Robert and I did a lot of easy studying, repeating, and reviewing during the last couple weeks.

Every day, we read two pages from Autism and PDD Expanding Social Options and practiced sentences related to each topic.

We advanced to the Intermediate level of presentation while working with lessons from Functional Routines for Adolescent & Adults Home. I expand the lessons to relate them to our previous experiences while performing many daily chores.

Robert is still solving one 9×9 Sudoku a day with my help. However, there are more moments when he independently enters a few numbers in the grid. Moreover, he grasped the idea that although sometimes we cannot point to the cell were given number belongs, we still can deduce that it belongs to a given column or row.  Using that information helped Robert to enter other numbers on the chart.  I consider this to be very important development.
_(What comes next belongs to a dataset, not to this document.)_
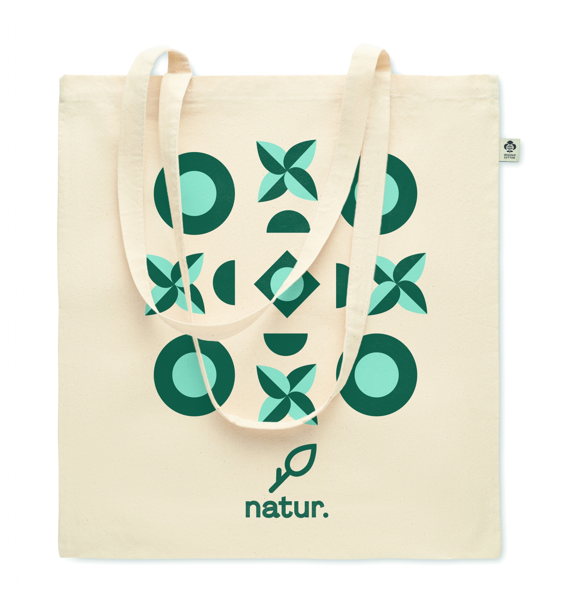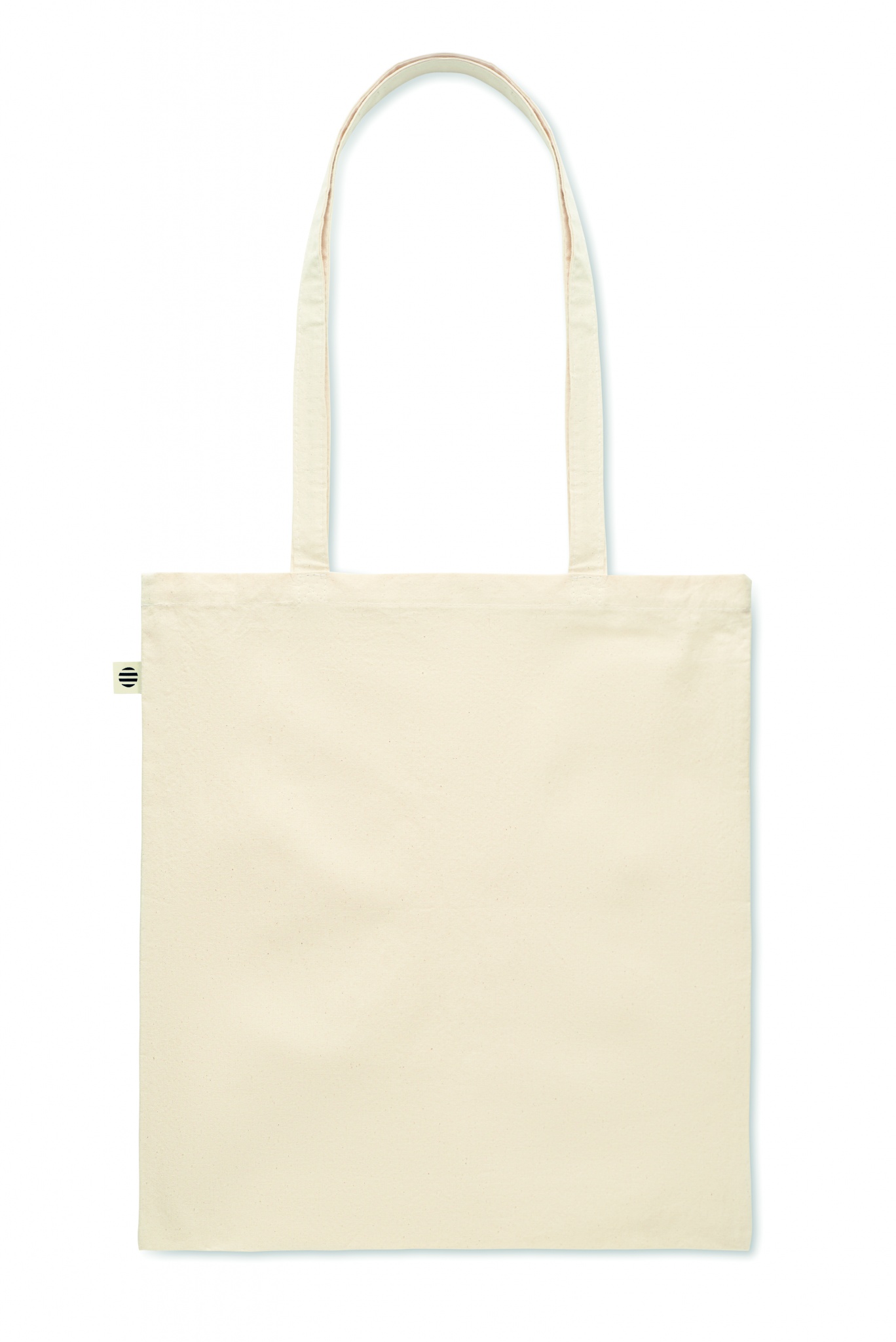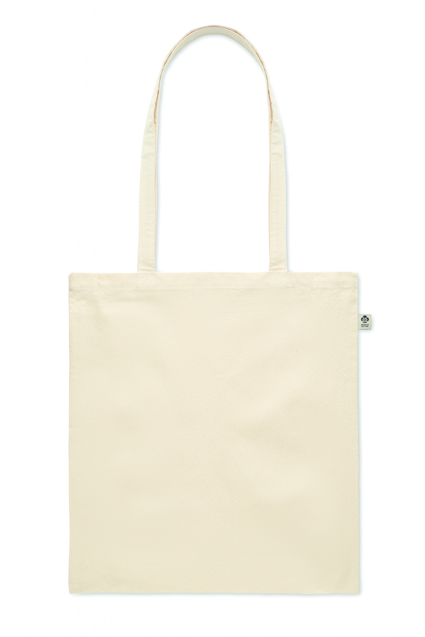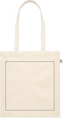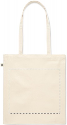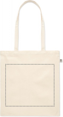Kasse i ekologisk bomull med långa handtag. 180 gr/m².

I brought back Take Me to Your Seat folders. During the last two weeks, we used them to

1. Add positive and negative numbers to find the temperature  outside.                                                                                                                                                                                         2. Count the percent to find the sale price of clothes.                                                                                                                                                                                                                  3. 3 .Count vertices, edges, and faces of different 3D shapes.                                                                                                                                                                                                            4. Retrieve data from  bar, line, and circle graphs.
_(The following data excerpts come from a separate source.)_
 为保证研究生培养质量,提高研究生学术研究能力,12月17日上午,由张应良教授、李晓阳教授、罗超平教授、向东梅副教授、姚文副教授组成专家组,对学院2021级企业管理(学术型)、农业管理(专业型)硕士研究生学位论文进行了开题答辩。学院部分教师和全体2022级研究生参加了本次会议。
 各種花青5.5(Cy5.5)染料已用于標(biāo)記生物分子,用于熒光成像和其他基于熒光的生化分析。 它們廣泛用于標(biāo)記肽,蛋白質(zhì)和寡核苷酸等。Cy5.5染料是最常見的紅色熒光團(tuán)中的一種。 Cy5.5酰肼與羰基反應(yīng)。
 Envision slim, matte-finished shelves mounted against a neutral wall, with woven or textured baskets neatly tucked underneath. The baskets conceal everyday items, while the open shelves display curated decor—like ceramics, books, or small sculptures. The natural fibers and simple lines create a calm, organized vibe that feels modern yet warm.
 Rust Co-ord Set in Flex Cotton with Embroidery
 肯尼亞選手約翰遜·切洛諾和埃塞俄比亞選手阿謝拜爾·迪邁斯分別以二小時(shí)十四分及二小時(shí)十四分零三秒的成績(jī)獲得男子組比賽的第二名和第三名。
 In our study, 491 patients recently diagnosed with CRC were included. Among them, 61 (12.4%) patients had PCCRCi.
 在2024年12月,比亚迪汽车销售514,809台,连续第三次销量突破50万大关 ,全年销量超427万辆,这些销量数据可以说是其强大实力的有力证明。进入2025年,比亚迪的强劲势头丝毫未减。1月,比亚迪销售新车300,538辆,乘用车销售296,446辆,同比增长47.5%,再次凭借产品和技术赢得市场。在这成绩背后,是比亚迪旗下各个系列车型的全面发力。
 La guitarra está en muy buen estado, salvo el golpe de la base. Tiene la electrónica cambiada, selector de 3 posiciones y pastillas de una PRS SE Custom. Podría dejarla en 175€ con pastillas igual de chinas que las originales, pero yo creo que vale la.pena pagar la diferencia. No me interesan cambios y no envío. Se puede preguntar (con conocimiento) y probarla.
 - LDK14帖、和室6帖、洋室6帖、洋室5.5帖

We practiced cursive writing to increase the length of some of the letters which Robert changes into microscopic, undecipherable waves.  There is not much improvement on this front.

We used Fun Deck cards to address among others the fluency of Robert’s speech. Lately, we went through set of Do and Does, Let’s Predict and a few others.
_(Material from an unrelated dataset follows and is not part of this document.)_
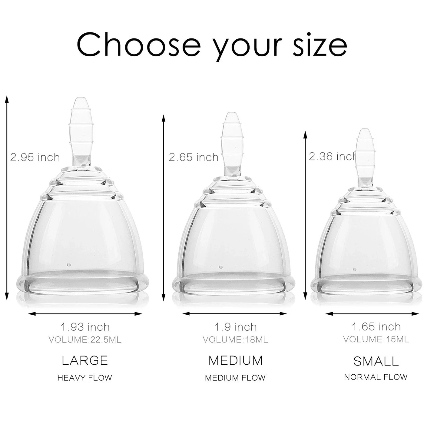 Как использовать?1. Перед обработкой менструальной чашки убедитесь, что ваши руки тщательно чистятся.2. Стерилизовать чашку перед первой вставкой.3. Рекомендуется вставлять чашку в любое из следующих позиций: сидя, приседая, опускаясь на колени или стоя, попробуйте одну из этих позиций и выберите наиболее подходящую для вас.4. Чтобы облегчить вставку, вы можете увлажнить чашку водой или смазочным гелем при необходимости.5. Захватите чашку пальцами и нажмите.6. Затем Сложите чашку пополам, используя пальцы другой руки.7. Удерживайте чашку пальцами одной руки в максимально низком положении.8. Аккуратно вставьте чашку во влагалище в сторону спины.9. Правильное положение чашки ниже, чем тампоны. После введения во влагалище отпустите пальцы и дайте чашке полностью разворачиваться и приклеиться к вагинальной стенке.10. Вы можете дезинфицировать до и после использования. Вопросы, требующие внимания:Никаких аллергических реакций не приводит к плесени и инфекциям мочевых путей, может применяться ко всем женщинам, но женщинам, у которых нет сексуального опыта, не рекомендуется использовать этот продукт. Описание емкости:Менструальная чашка размера S подходит для нормального протекания.Размер L менструальная чашка подходит для сильного потока.Мы рекомендуем вам купить два разных размера менструальных чашек для различных менструальных условий.
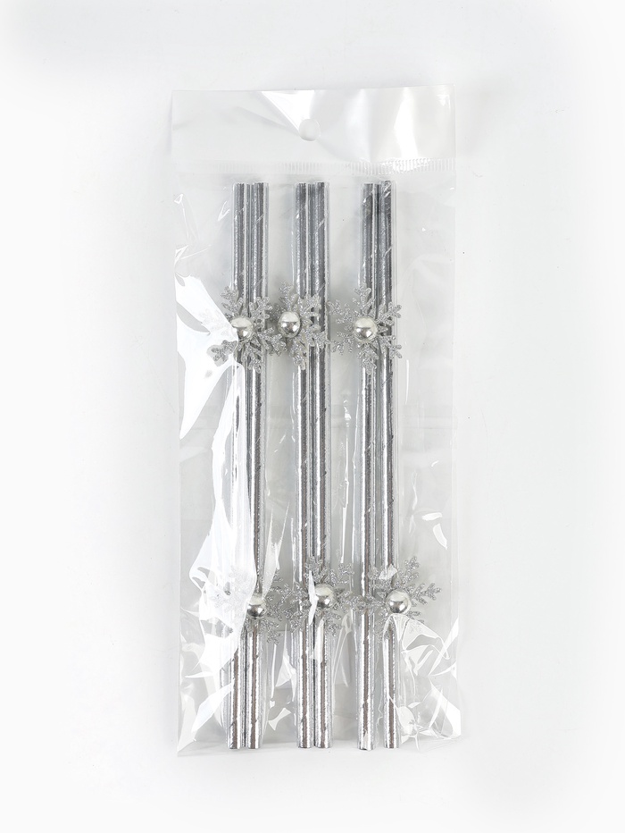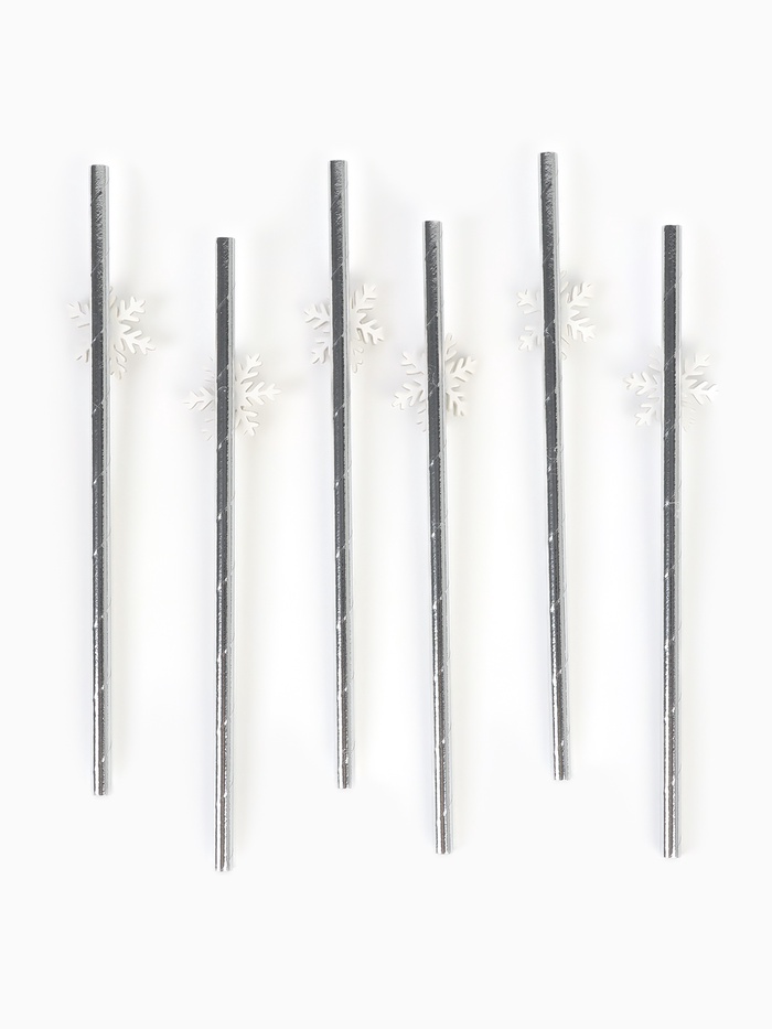 Трубочки для коктейлей «Снежинки», серебро, 6 шт

And of course we are still practicing pronunciation with old, huge Weber book, repeating each word or phrase twice.

we continue reading one chapter (around 10 pages each) a day from abridged children’s classics.

I realized, however, that Robert would benefit much more from original versions.

The time we study together is the most peaceful time in our home as everything hangs in balance.

However. it worries me that there is no increase in the length or number  of Robert’s independent activities. It worries me, that he relies too heavily on my support, suggestions, or even my physical presence to continue learning.

He demonstrates more drive with some of the chores – mainly laundry from loading the washing machine to folding and hanging and emptying dishwasher.

Unfortunately, as he is getting older, it is easier for me to see how many things I neglected to teach him or practice with him. Making list of such items would be much more useful than the list I have just written above.  Such list would allow me to set new goals instead of pretending to be satisfied with what I almost automatically do every day.

It is not what Robert needs most.  I know it, and he probably knows that too.

Connecting Parts of Robert’s Universe Part 1

I wrote this text two years ago as an introduction to my report about our trip to Philadelphia. However, the problems related to Robert’s ontology present themselves frequently enough to warrant a second look and more detailed description. 

When, during our trip to Philadelphia, Robert was exposed to new arrangements of familiar elements, he exhibited  the behaviors I knew from the past.  I dealt with them years ago and believed they were extinct.  They weren’t.

In the past, I discovered that Robert’s universe was made of separate bubbles. Each bubble consisted of specific places, concrete people, and a particular set of rules characteristic to that sub-world.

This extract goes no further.